## PROBLEM REQUIREMENTS
Below are entries with pictures among them; reproduce exactly, and only, the lines from the one containing "C Subsection Lengthened" down to the one containing "יודעת אם עוד", without the pictures.

Data excerpts:

○ ○ ○

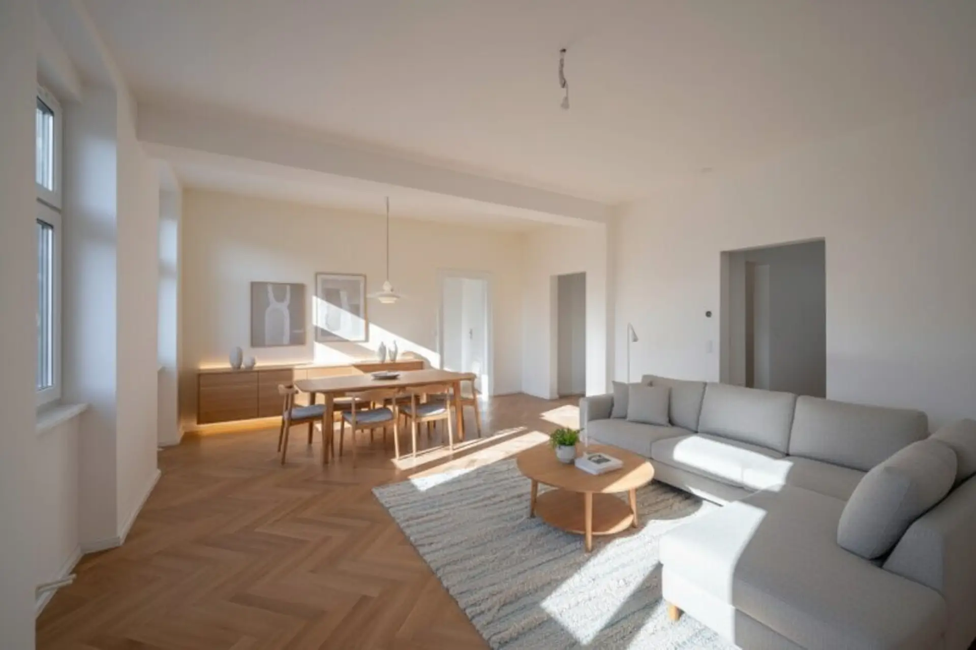Die Wohnung befindet sich im 3. Obergeschoss eines gepflegten Altbaus und ist bequem über einen Lift erreichbar. Der typische Altbaucharme des Hauses schafft eine behagliche Atmosphäre und unterstreicht die historische Architektur.
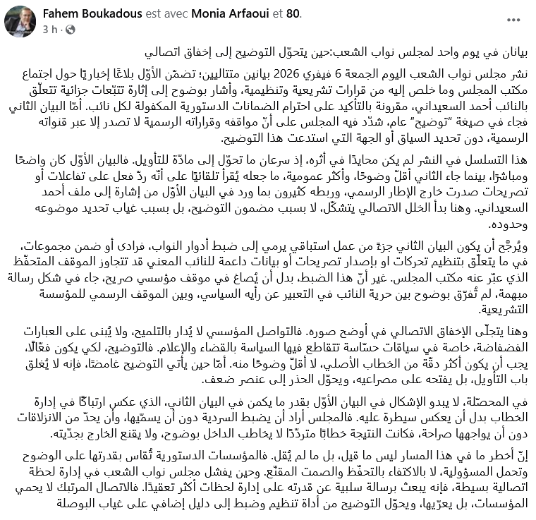 En conclusion, Fahem Boukadous estime que l’aspect le plus préoccupant n’est pas ce qui a été dit, mais ce qui n’a pas été dit : dans une séquence politique sensible, la capacité des institutions à assumer la clarté et la responsabilité constitue un indicateur de leur solidité. Or, selon lui, l’ARP a donné l’image d’une institution incapable de gérer une « simple » séquence de communication, ce qui interroge sur sa capacité à affronter des moments plus complexes.
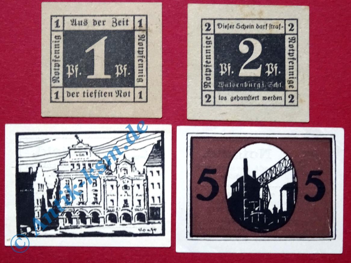 Waldenburg , Notgeld Set mit 4 Scheinen in kfr. Tieste 7660.205-216 , Schlesien o.D. Verkehrsausgabe
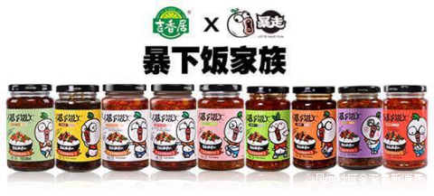 與此同時,面對品牌影響力度不夠的問題,傳統泡菜也玩起了新營銷策略。吉香居不僅和深受年輕人喜愛的漫威合作推出英雄牛肉醬系列,還與暴走漫畫合作,打造了 " 暴下飯 " 網紅 IP 產品。
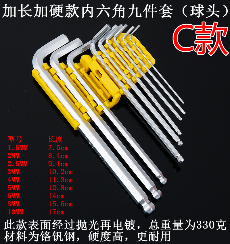 C Subsection Lengthened plus Hard Section (with ball head) B Inner Hexagon (Short) A Inner Hexagon (with key buckle)
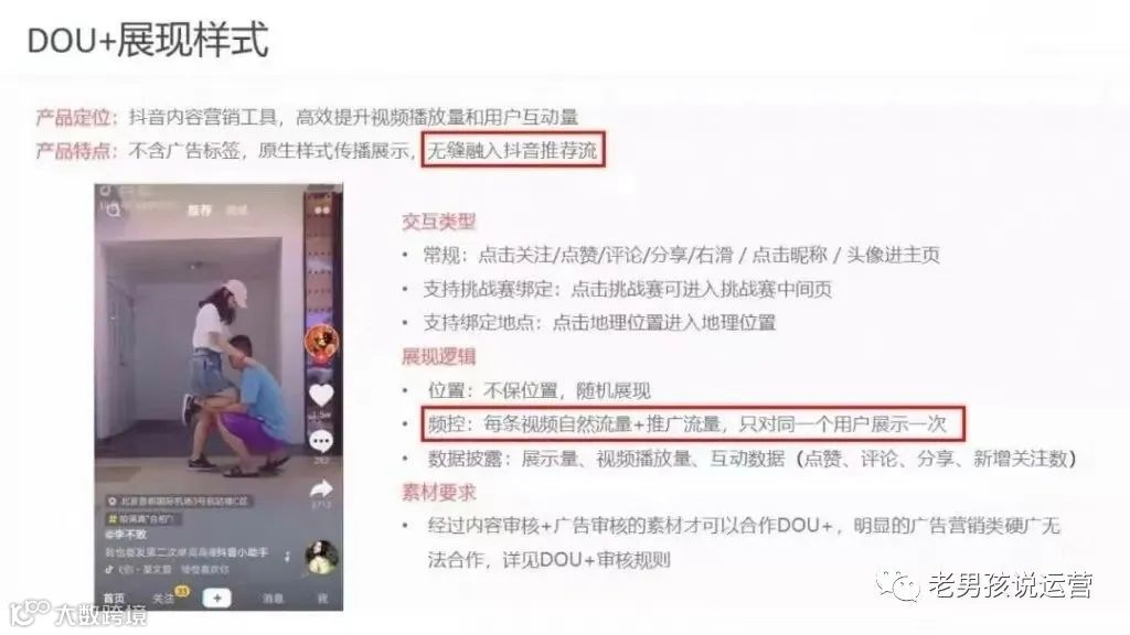 DOU+本质是购买内容流量,与信息流广告不同,其流量无广告标记,与自然流共享频控规则,可无缝融入推荐流。
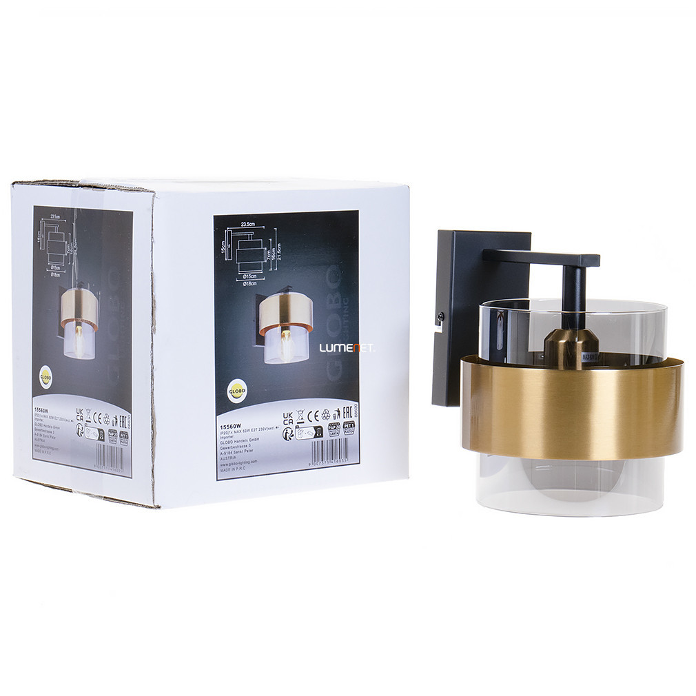 Lampa de perete din sticlă Milley Globo 15560W este proiectată într-un stil modern, în culori negru și auriu, cu o bordură decorativă aurie. Lampa este fabricată din metal și sticlă și are un singur soclu E27, care permite înlocuirea sursei de lumină. Produsul nu include o sursă de lumină și nu este reglabil. Lampa are o lungime de 235 mm, o lățime de 180 mm și o înălțime de 215 mm, și cântărește 1,49 kg. Clasa de protecție IP20 asigură utilizarea în interior. Ambalajul are o lungime de 26 cm, o lățime de 22 cm și o înălțime de 25 cm. Produsul este fabricat de Globo.
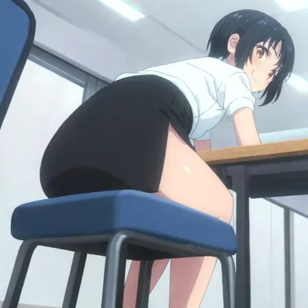 白シャツ、シャツカラー、ダーツシャツ、短い袖、黒スカート、ペンシルスカート、
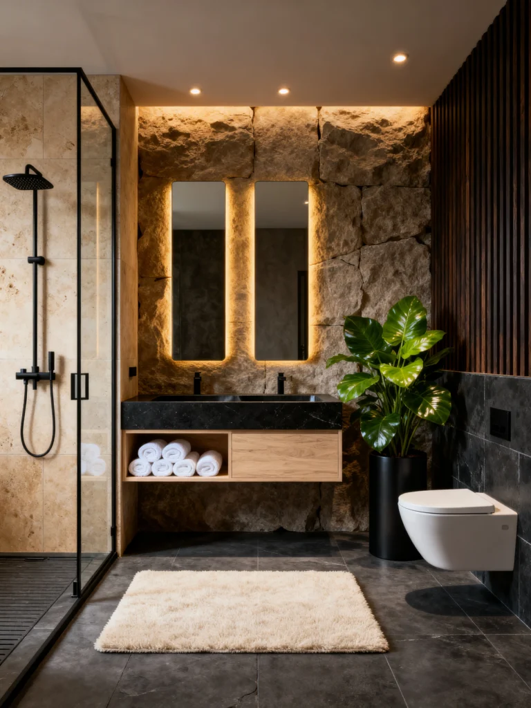 The rest of the room stays very minimal to let that stone wall shine. You’ve got a sleek black vanity top and dark, large-format floor tiles. It feels very grounded and masculine, but the addition of that huge, leafy green plant in the corner softens it up perfectly.
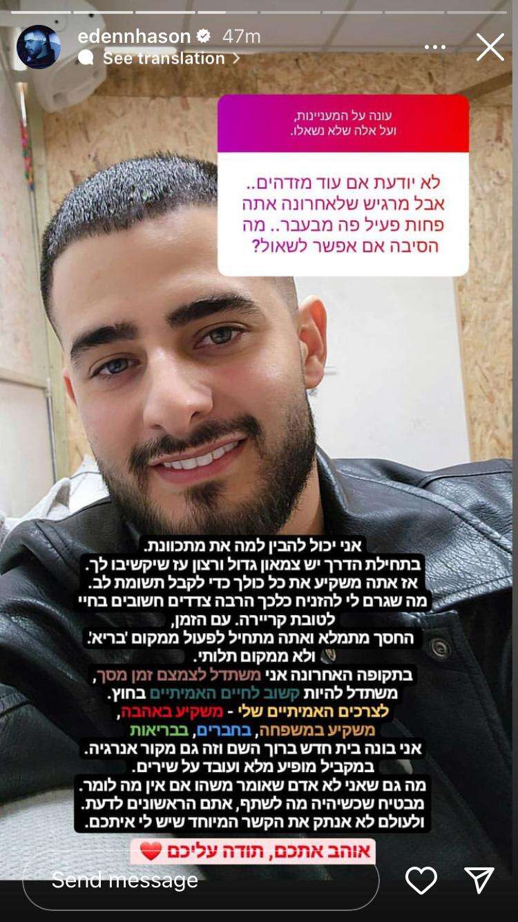 "לא יודעת אם עוד מזהים, אבל מרגיש שלאחרונה אתה פחות פעיל פה מבעבר. מה הסיבה, אם אפשר לשאול?", הסתקרנה אחת העוקבות של חסון. "אני יכול להבין למה את מתכוונת. בתחילת הדרך יש צימאון גדול ורצון עז שיקשיבו לך, אז אתה משקיע את כל כולך כדי לקבל תשומת לב - מה שגרם לי להזניח כל כך הרבה צדדים חשובים בחיי לטובת הקריירה", שיתף.
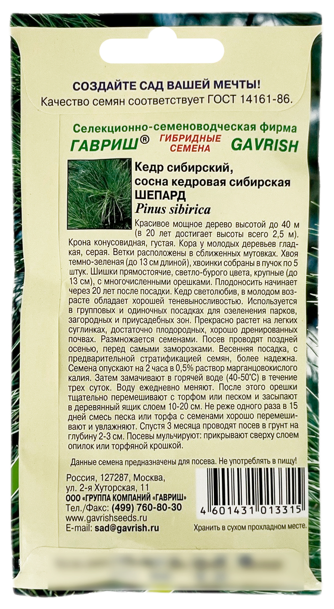 Кедр сибирский сосна кедровая сибирская ШЕПАРД ГАВРИШКрасивое мощное дерево высотой до 40 м. Крона конусовидная, густая, кора у молодых деревьев гладкая, серая. Ветки расположены в сближенных мутовках. Хвоя темно-зеленая, до 13 см длиной, хвоинки собраны по 5 штук в пучках. Продолжительность жизни хвои 5-6 лет. Шишки прямостоячие, светло-бурого цвета, крупные, до 13 см длиной, с многочисленными орешками. Растет очень медленно, особенно в первые 5 лет. В 20 лет достигает высоты всего 2,5 м. Плодоносить начинает через 20 лет после посадки. Прекрасно растет на легких суглинках, достаточно плодородных, с хорошим дренированием. Светолюбив, в молодом возрасте обладает хорошей теневыносливостью, отлично развиваясь под кронами деревьев.
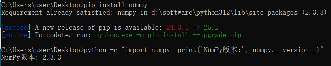 验证:python -c "import numpy; print('NumPy版本:', numpy.__version__)"
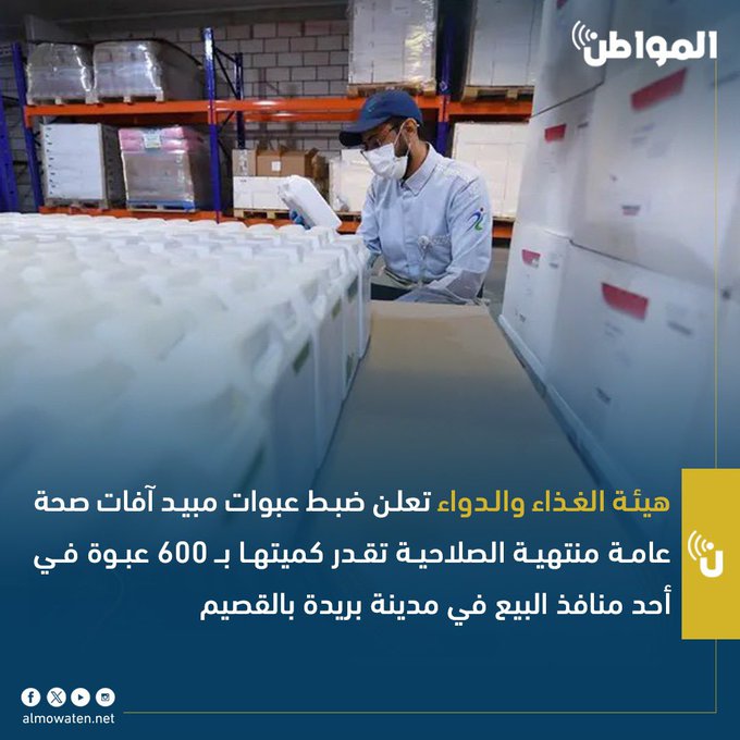 ضبطت الهيئة العامة للغذاء والدواء عبوات مبيد آفات صحة عامة منتهية الصلاحية تقدر كميتها بـ 600 عبوة في أحد منافذ البيع في مدينة بريدة بمنطقة القصيم.

○ ○ ○

## RESPONSE FOR THIS EXERCISE
 C Subsection Lengthened plus Hard Section (with ball head) B Inner Hexagon (Short) A Inner Hexagon (with key buckle)
 DOU+本质是购买内容流量,与信息流广告不同,其流量无广告标记,与自然流共享频控规则,可无缝融入推荐流。
 Lampa de perete din sticlă Milley Globo 15560W este proiectată într-un stil modern, în culori negru și auriu, cu o bordură decorativă aurie. Lampa este fabricată din metal și sticlă și are un singur soclu E27, care permite înlocuirea sursei de lumină. Produsul nu include o sursă de lumină și nu este reglabil. Lampa are o lungime de 235 mm, o lățime de 180 mm și o înălțime de 215 mm, și cântărește 1,49 kg. Clasa de protecție IP20 asigură utilizarea în interior. Ambalajul are o lungime de 26 cm, o lățime de 22 cm și o înălțime de 25 cm. Produsul este fabricat de Globo.
 白シャツ、シャツカラー、ダーツシャツ、短い袖、黒スカート、ペンシルスカート、
 The rest of the room stays very minimal to let that stone wall shine. You’ve got a sleek black vanity top and dark, large-format floor tiles. It feels very grounded and masculine, but the addition of that huge, leafy green plant in the corner softens it up perfectly.
 "לא יודעת אם עוד מזהים, אבל מרגיש שלאחרונה אתה פחות פעיל פה מבעבר. מה הסיבה, אם אפשר לשאול?", הסתקרנה אחת העוקבות של חסון. "אני יכול להבין למה את מתכוונת. בתחילת הדרך יש צימאון גדול ורצון עז שיקשיבו לך, אז אתה משקיע את כל כולך כדי לקבל תשומת לב - מה שגרם לי להזניח כל כך הרבה צדדים חשובים בחיי לטובת הקריירה", שיתף.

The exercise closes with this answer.